Torrecilla mandó a Clemente a la Real Sociedad B hace 15 días. Lo que parecía anecdótico fue el inicio de algo mucho más hondo y transcendente. En la semana recién concluida, Adrián González rescindió y ya juega en el Fuenlabrada. Y Eguaras, pieza angular durante cinco años, ya milita en el Almería. Con estos movimientos, al director deportivo zaragocista ya le ha dado de sí para fichar al primer refuerzo, el medio centro Jaume Grau, del Osasuna. Pero tiene muchos otros deberes Torrecilla en su cajón.

Vienen ocho días de vértigo

El ejecutivo aún tiene que podar más su reparto de apuestas fallidas en aquellos días de San Pedro del Pinatar (Murcia) y los patinazos monumentales de los tres primeros partidos ligueros de agosto, cuando ya había indicios de equivocación en ciernes. Para ello, como el susto y la necesidad imperiosa se han sentido muy tarde, apenas le restan ocho días para actuar y restaurar las pifias.

Igbekeme firmará en breve tiempo por el Columbus Crew de Estados Unidos. Y ha de buscar acomodo a Bermejo, Yanis y Ros, los dos primeros llamados a marcharse ya mismo y, el tercero, enrocado desde el verano, cuando ya se le instó a irse sin encontrar receptividad por su parte.
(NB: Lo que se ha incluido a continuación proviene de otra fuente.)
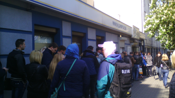После утверждения Евросоюзом безвизового режима для Украины, украинцы ринулись оформлять биометрические заграничные паспорта. Очередь за пластиковой корочкой, с которой возможны безвизовые путешествия, жители Украины занимают с 6 утра.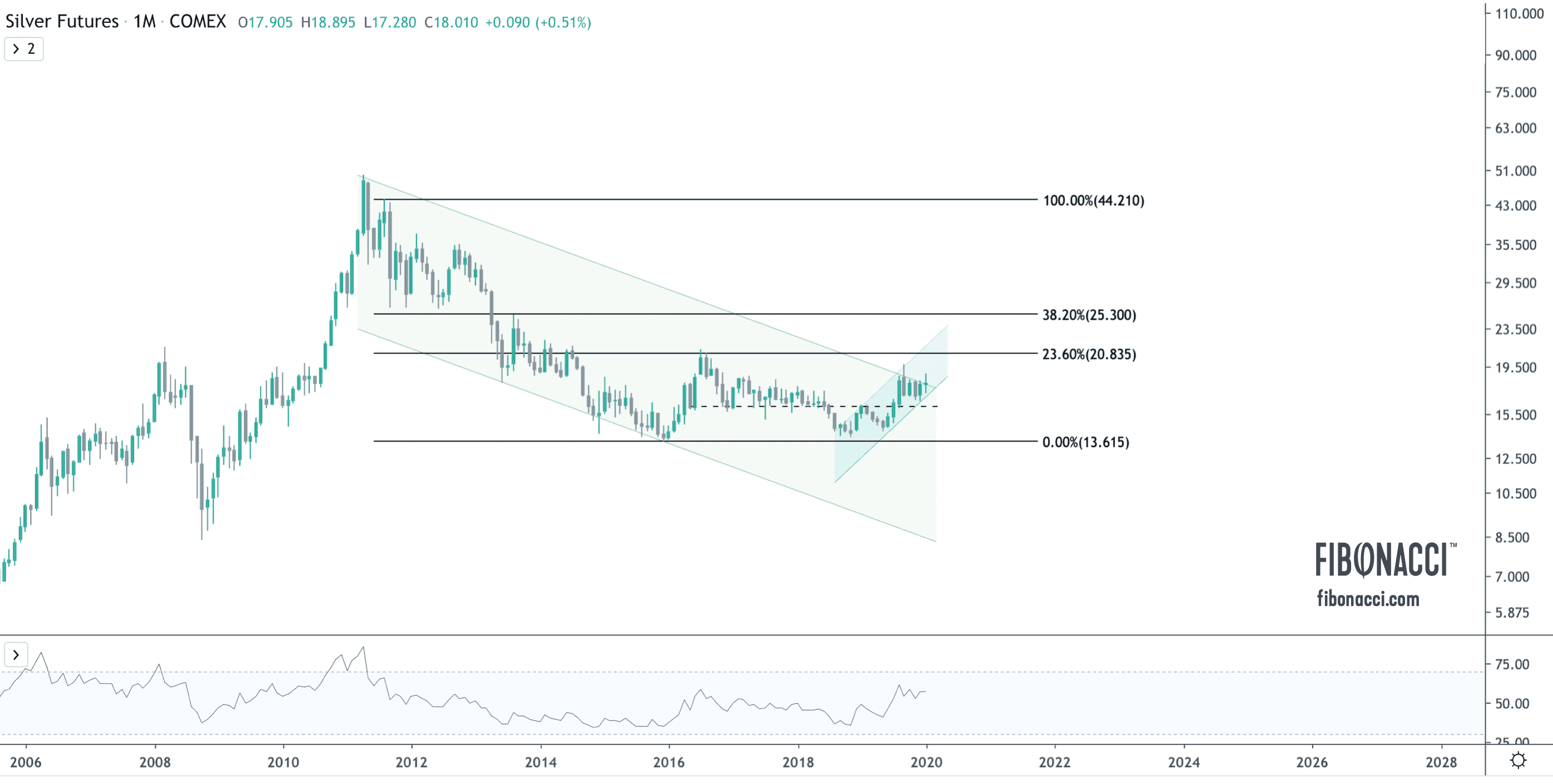 The monthly gold chart (above) has honored the 38.2% and 61.8% fibonacci retracements religiously over the last nine years, which makes this month’s recent breakout all the more significant. In the chart below, you will note that I drew the beginning of my Fibonacci levels from the secondary high in 2011, and not the primary high (the absolute peak). In this case, the year long shelf following the peak is an area of much greater significance and the better location to start the ratios. Thus, the recent break of 61.8% is all the more notable.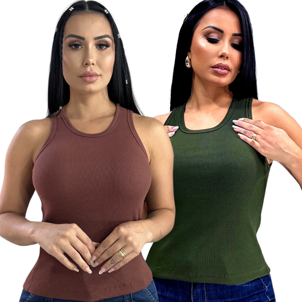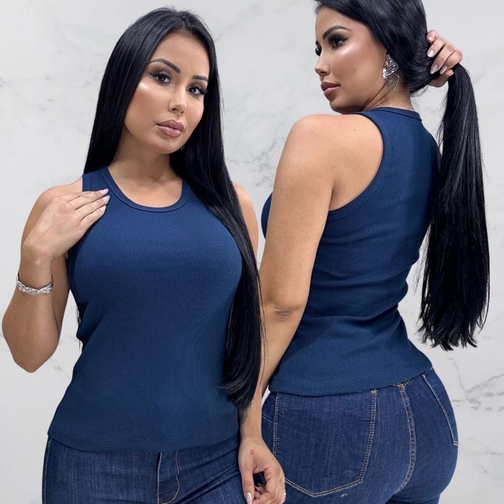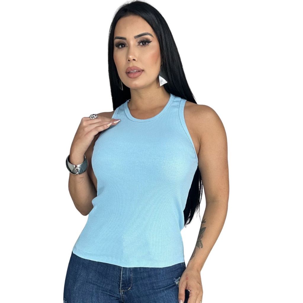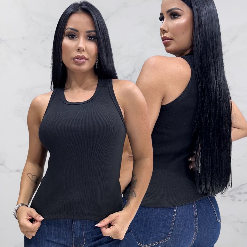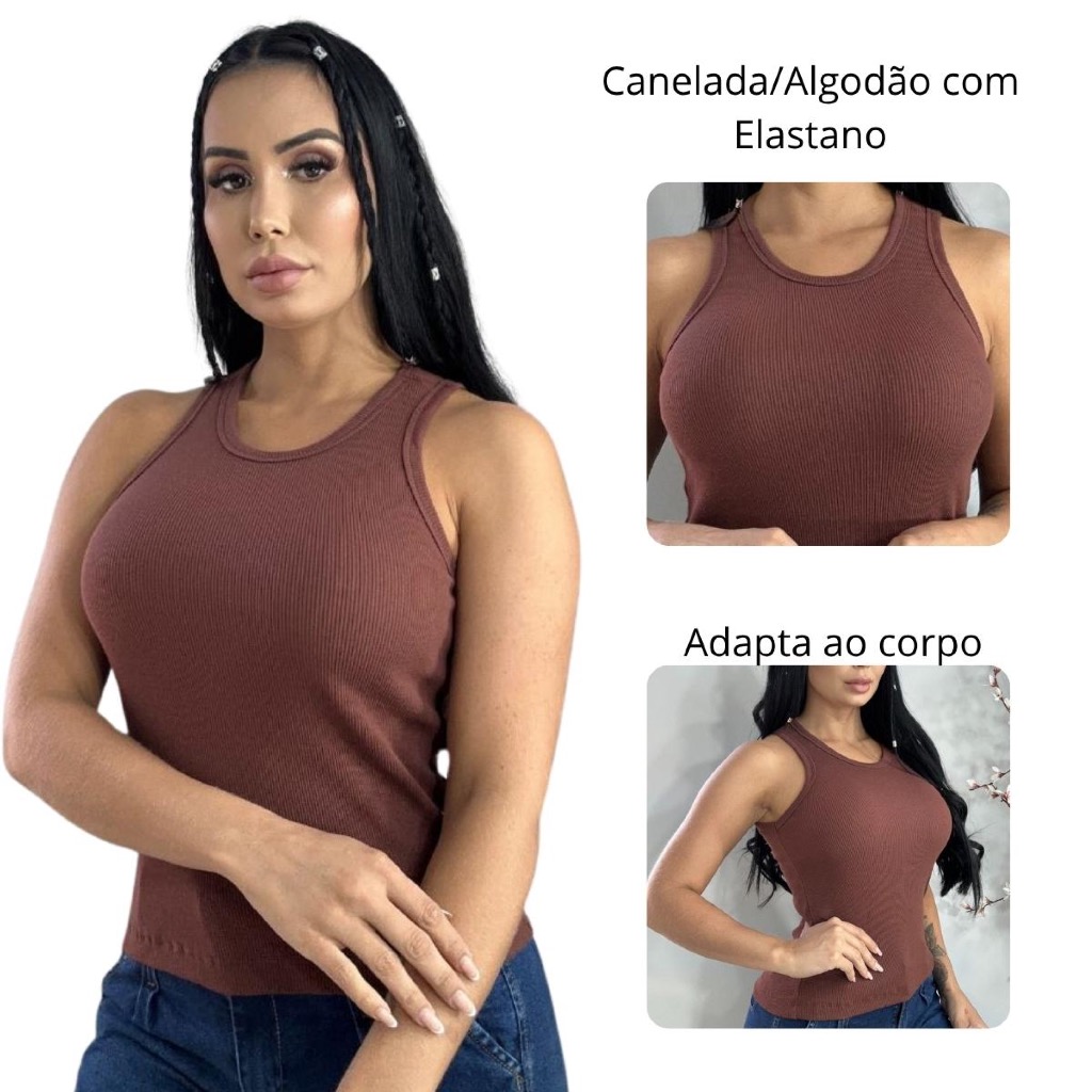 Blusa Feminina Regata Canelada Estilosa Algodão com Elastano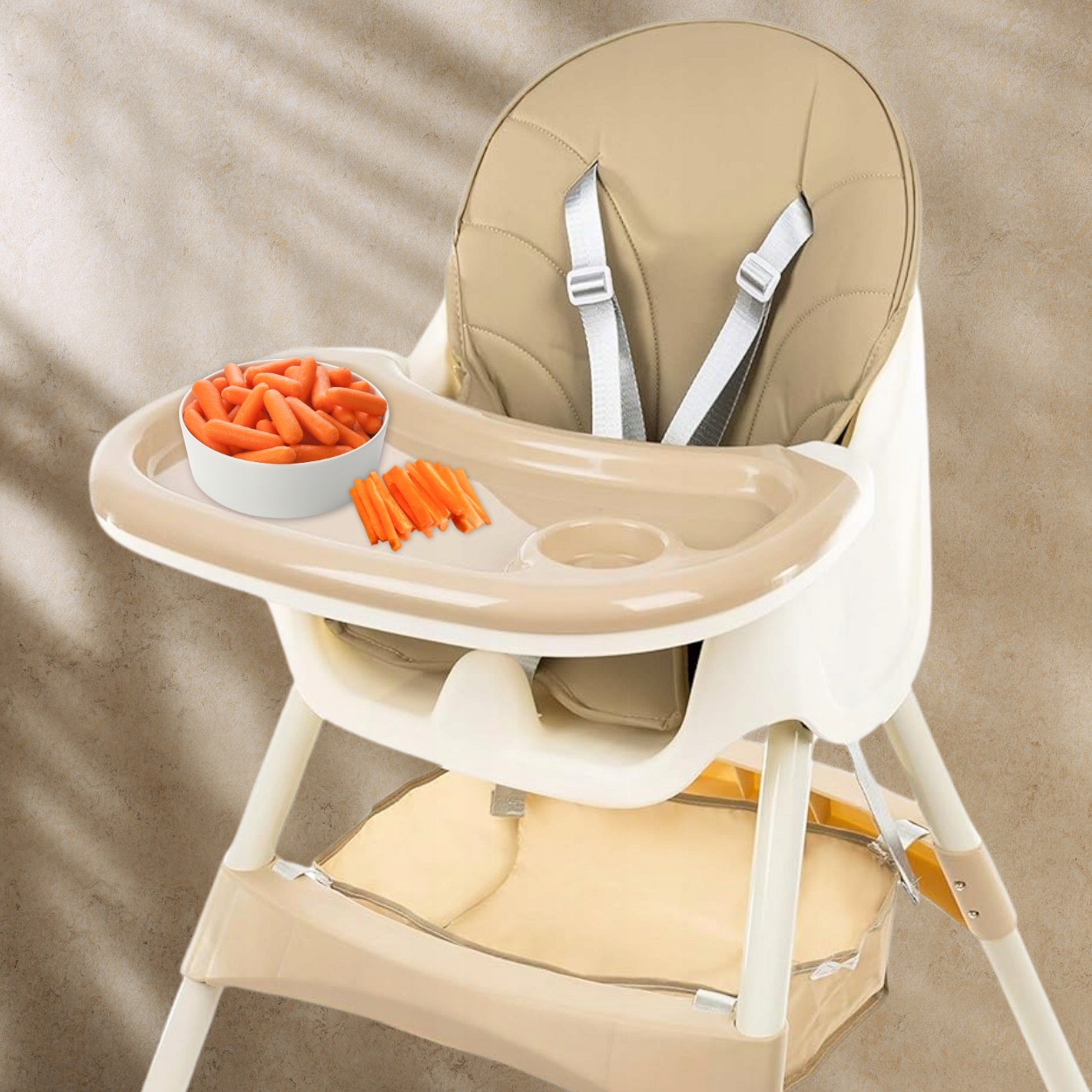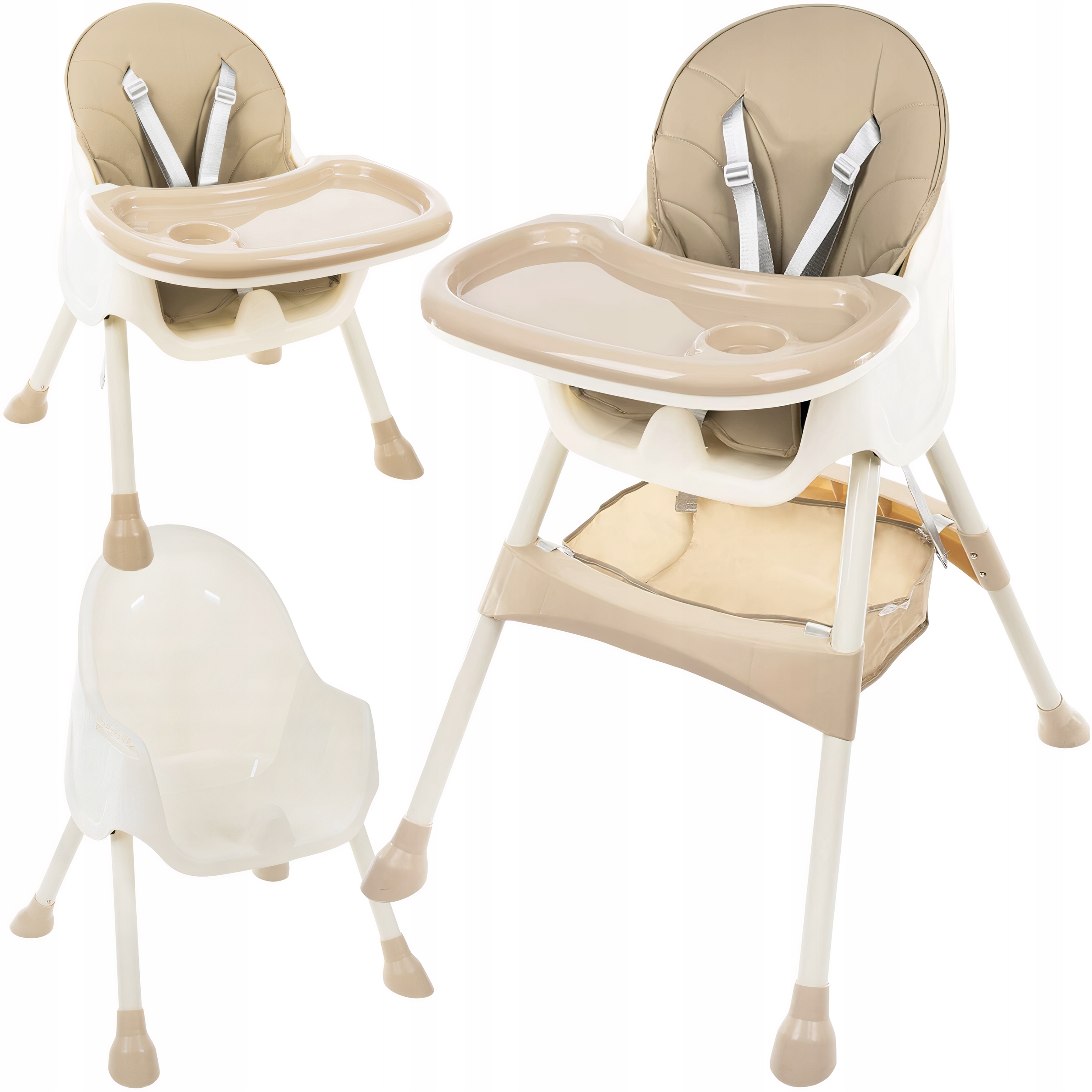Стульчик 3в1 — идеальное решение для ежедневного питания вашего ребенка. Кресло легкое, мягкое и удобное в использовании. Стул подходит, когда ребенку исполнилось 6 месяцев. Имеет съемную обивку из практичной экокожи, которая легко чистится и удобна в использовании. Столешница имеет 3 уровня регулировки расстояния и съемный поднос. Дополнительное преимущество: 4 нескользящие ножки с соответствующим расстоянием между ними, обеспечивающие устойчивость стула. Дополнительный профилированный элемент безопасности между ножками, предотвращающий выскальзывание ребенка из кресла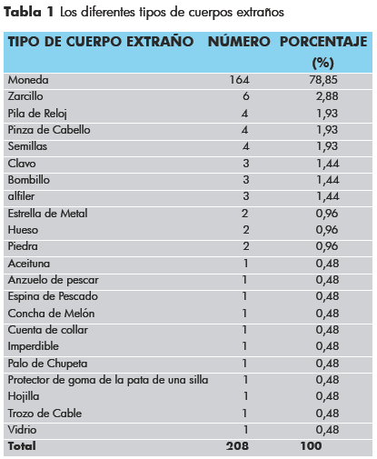Se han reportado la ingestión de una gran variedad de cuerpos extraños como: monedas, partes de juguetes, canicas, alfileres, tachuelas, y semillas, menos frecuentes los huesos de pollo y espinas de pescado.13 Stevens en una serie de 139 niños con ingesta de cuerpos extraños observó que los más recuentes eran las monedas, hallazgo corroborado en nuestro informe donde 78,85% de los pacientes tenían este objeto.5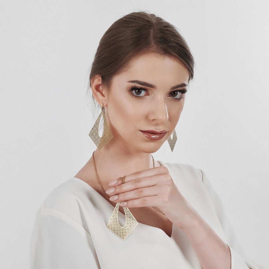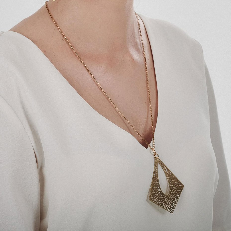 Oryginalny naszyjnik dla osób, które przy doborze biżuterii stawiają na nowatorskie formy i klasyczne kolory. Naszyjnik w kształcie rombu przypominającego odwrócony diament został wykończony ręcznie poprzez satynowanie i pokrycie ozdobnej blaszki warstwą ochronną. Naszyjnik z pewnością ucieszy bliską osobę, doskonale sprawdzi się także zestawiony ze stylizacjami wieczorowymi. Mimo dużego rozmiaru nie obciąża szyi. Ażurowy element powstał ze złocistego mosiądzu.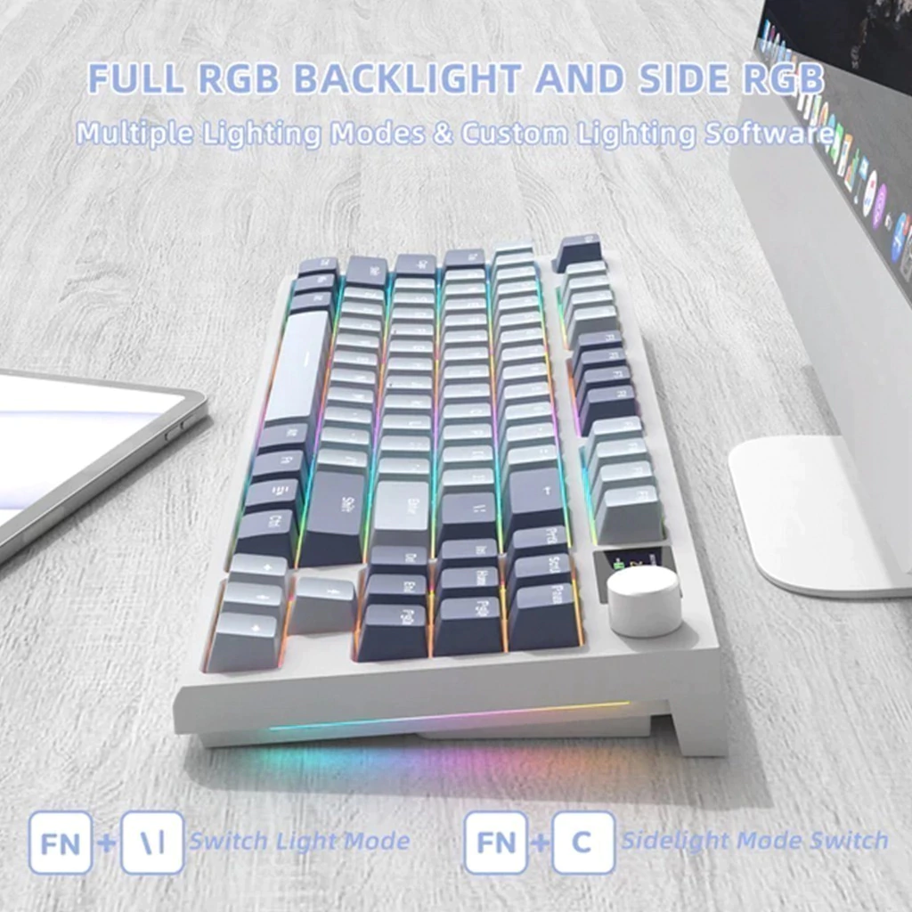 Este teclado tkl presenta el popular diseño del 75 %, que logra el equilibrio perfecto entre funcionalidad y compacidad. A diferencia del teclado del 60 %, conserva las teclas esenciales y optimiza el espacio del escritorio. Además, al estar fabricado con material PBT de alta calidad, las teclas prometen durabilidad y resisten el brillo aceitoso que puede desarrollarse con el tiempo en las teclas de menor calidad.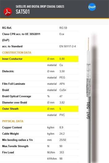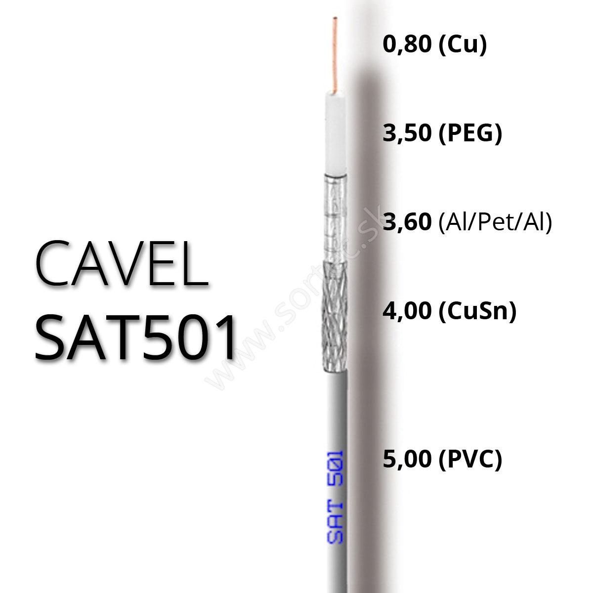 CAVELkód SAT501N KONŠTRUKČNÉ VLASTNOSTI Vnútorný vodič priem. mm 0,80 materiál Cu Dielektrikum materiál PEG priem. mm 3,5 Tienenie 1. Povrch laminátovej fólie materiál APA 2. Opletenie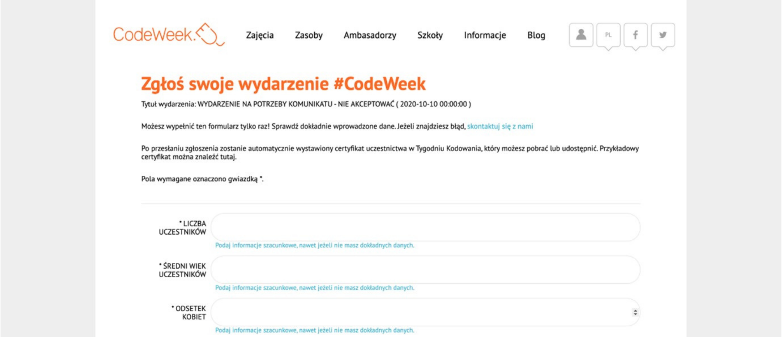 4. Teraz otworzy się specjalny formularz raportowania Twojego wydarzenia. Uważnie wypełnij wszystkie pola, podając szacunkowe dane dotyczące organizowanej przez Ciebie inicjatywy. Naciśnij przycisk „Prześlij zgłoszenie wydarzenia”. Jeżeli wypełniłeś formularz poprawnie, powinieneś zobaczyć ekran, informujący, że Twój certyfikat jest gotowy.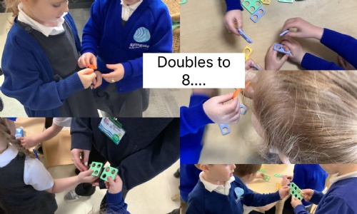You could practise this at home using small objects such as pasta, toys or socks. Find a number, then find the same amount again. Put them together and say the double.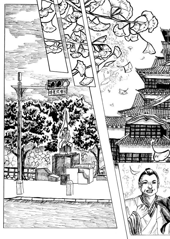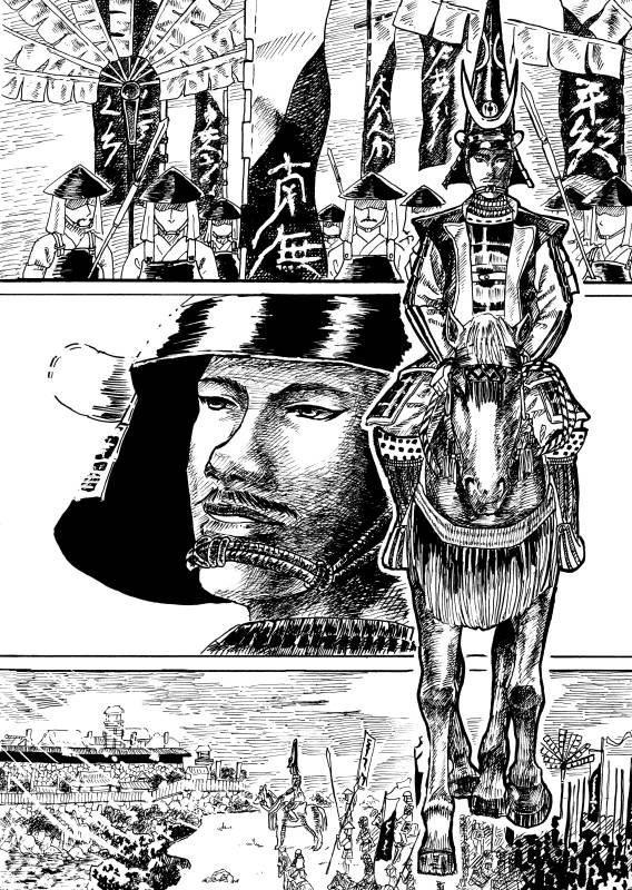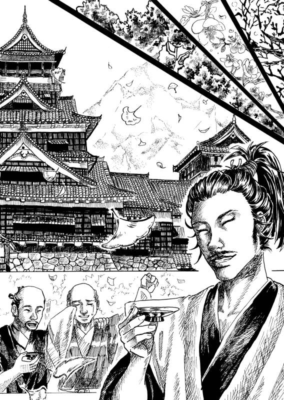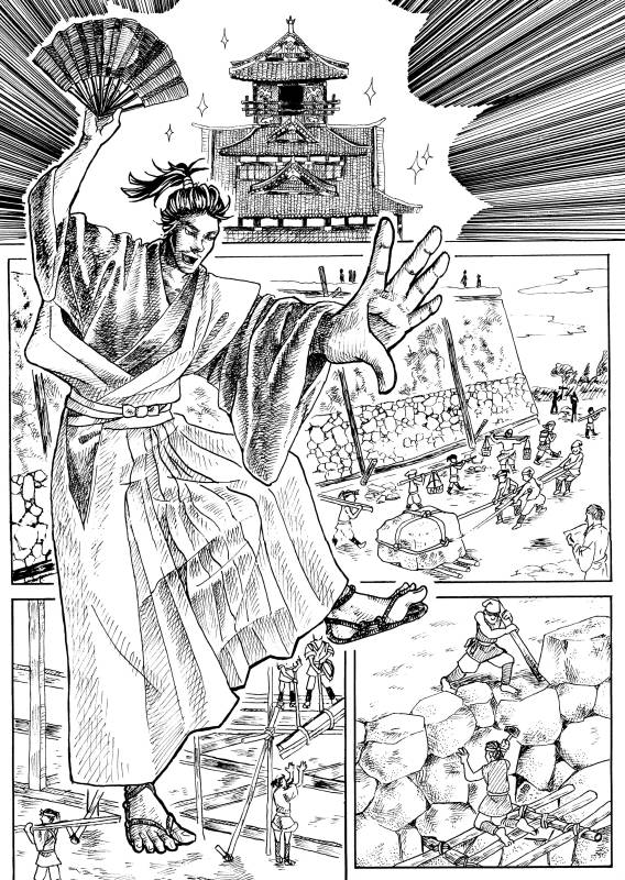 “Aah, this is such a last minute entry! I hope I did well enough for my first SMA participation. I didn't have any inspiration for a long time, and I was about to give up, but then I remembered about Lord Katou Kiyomasa... In the end I decided to draw the event when Lord Kiyomasa renovated Kumamoto Castle. Based on the models and reconstructions it looks like the tenshu of the castle that we can see today isn't much different from the original. I'm really glad it was, haha. I'm a bit perfectionist when it comes to historical details, and it will make me cry if the real castle is completely different and I won't know how to draw it >___< Lord Kiyomasa is... kind of based on the face of the Kiyomasa performer from the Kumamoto bushotai (samurai team), hahaha. When I watch videos of him, he seems very full of excitement, and I think his character really suits the theme :P”

Paralelamente, Torrecilla tiene la intención y el mandato de relevar parte de estas fichas con piezas que hagan «un equipo muy, muy bueno», según dijo Juan Ignacio Martínez ‘Jim’ este sábado. Es, implícitamente, el reconocimiento de que el plan A, el que se dibujó en un papel del despacho del director deportivo en manga corta y con 40 grados entre junio y julio, ha fracasado. Y toca restañarlo con un ‘parcheo B’, como se pueda, con el poco dinero que haya y con los dedos cruzados para que los que se elijan para apañar el equipo sí den la talla.

Giuliano Simeone, delantero del Atlético de Madrid B (Tercera RFEF) está en puertas de venir cedido. Una apuesta de 19 años, con apellido pero sin experiencia. Se negocia con el delantero Antoñín, propiedad del Granada y que va a romper su cesión actual al Málaga. También con el ariete Villar, del Almería. Y se busca un centrocampista con gol. O sea, lo que no hay o se eligió mal en verano.